We are told very little about the kind of criteria which will lay down the conditions to be met. As has been pointed out, that is the only area in which there is any room for manoeuvre. If you have prizes at 52 per cent. and tax at 12 per cent. then the rest of the funds must be divided between the good causes and the operator. As I say, that is the only area in which there is room for manoeuvre.
I do not know whether the Government can give any idea of the kind of formula that they are thinking of as regards the amount of profit which the operators will be allowed to receive. When it all takes place, if it is discovered that the operators do rather better out of the lottery than any of the good causes, I believe that there will be a lot of trouble.
§ Lord Swinfen
I should like to support the amendment. My noble friend knows that, in my view, the proposed tax rate of 12 per cent. is too high. In my view, the only reason that the Bill has come before Parliament is to give the Treasury another opportunity to raise income. Some years ago there was no hint of it: people pooh-poohed the whole idea. As the noble Lords, Lord Holme and Lord Allen of Abbeydale, said, it is obvious that administration must be kept as tight as possible.
However, I should like to point out that the criterion laid down for good administration must not be a set percentage of the proceeds; otherwise, there will be a very grave temptation on the part of the operators to allow their administration costs to rise to just below that maximum ceiling and not make any efforts to reduce it and become more efficient. I believe that there are other methods of judging the administration, and its quality, in that respect. I say that we should not specify a set percentage figure.
The amendments have a sensible purpose, but I hope to put the Committee's mind at rest and demonstrate that they are not needed.
The director general's overriding duties are set out in Clause 4. Subject to propriety and the protection of the interests of participants, there is a need to maximise proceeds for beneficiaries. Putting further such requirements in the Bill is superfluous. I can assure the Committee that in order to carry out that duty, in issuing a licence the director general will necessarily be concerned to ensure both efficiency—that is the holding down of operating costs—and success. That is the maximisation of revenue. Those are key elements of any bid, and the director general will be looking to ensure the best outcome through the competitive bidding process. Included in the bidding process will be specific references to costs, and the director general will be looking to get the best deal which delivers the maximum amount to good causes. There will be a licence condition setting out the proceeds to be returned for good causes, and other key financial factors, and that licence condition will have the force of law.

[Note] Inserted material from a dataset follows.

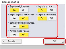 È possibile impostare i seguenti segnali acustici. La macchina emette i segnali acustici riportati di seguito:

I hope that I have demonstrated to the Committee that the spirit behind the amendments is accepted by the Government, but that the amendments themselves are unnecessary because the matters they cover will be dealt with in the licence which will be arrived at through the competitive bidding process.
The amendment of the noble Lord, Lord Allen of Abbeydale, proposes that the licence should contain measures to ensure and demonstrate that the administrative costs incurred are the minimum required for the proper running of the national lottery. The whole purpose of the competitive tendering process for letting the licences is to keep down the costs. A licence will clearly contain measures which ensure that the operator's costs start as low as possible and remain as low as possible, commensurate with the need to ensure that the lottery is run properly.
The noble Lord, Lord Allen of Abbeydale, asked me to be more forthcoming on conditions. I do not want to set a bench mark for bids. What we want is the best bid, through the commercial, competitive tendering process, which will return the maximum amount for good causes. That is the important point. That will come out of the bid and, following the bid, we will have the licence conditions set by the director general. With that explanation, I hope that I have been able to put Members' minds at rest. The intentions behind the amendments are also the intentions of the Government in that area.
§ 8.45 p.m.
§ Lord Holme of Cheltenham
I welcome the noble Viscount's words. There is a certain feeling about today's debate of "Waiting for Godot"; in other words, that in time all will be revealed and that we should leave it to the director general and the Secretary of State. However, I put the following point to the noble Viscount. This Chamber, and indeed Parliament as a whole, spent weeks debating the terms upon which the television contracts should be awarded. They were decisions that affected our 1743 society. Very large sums of money and issues of public policy were involved, as well as the very important commercial points to which the noble Viscount referred.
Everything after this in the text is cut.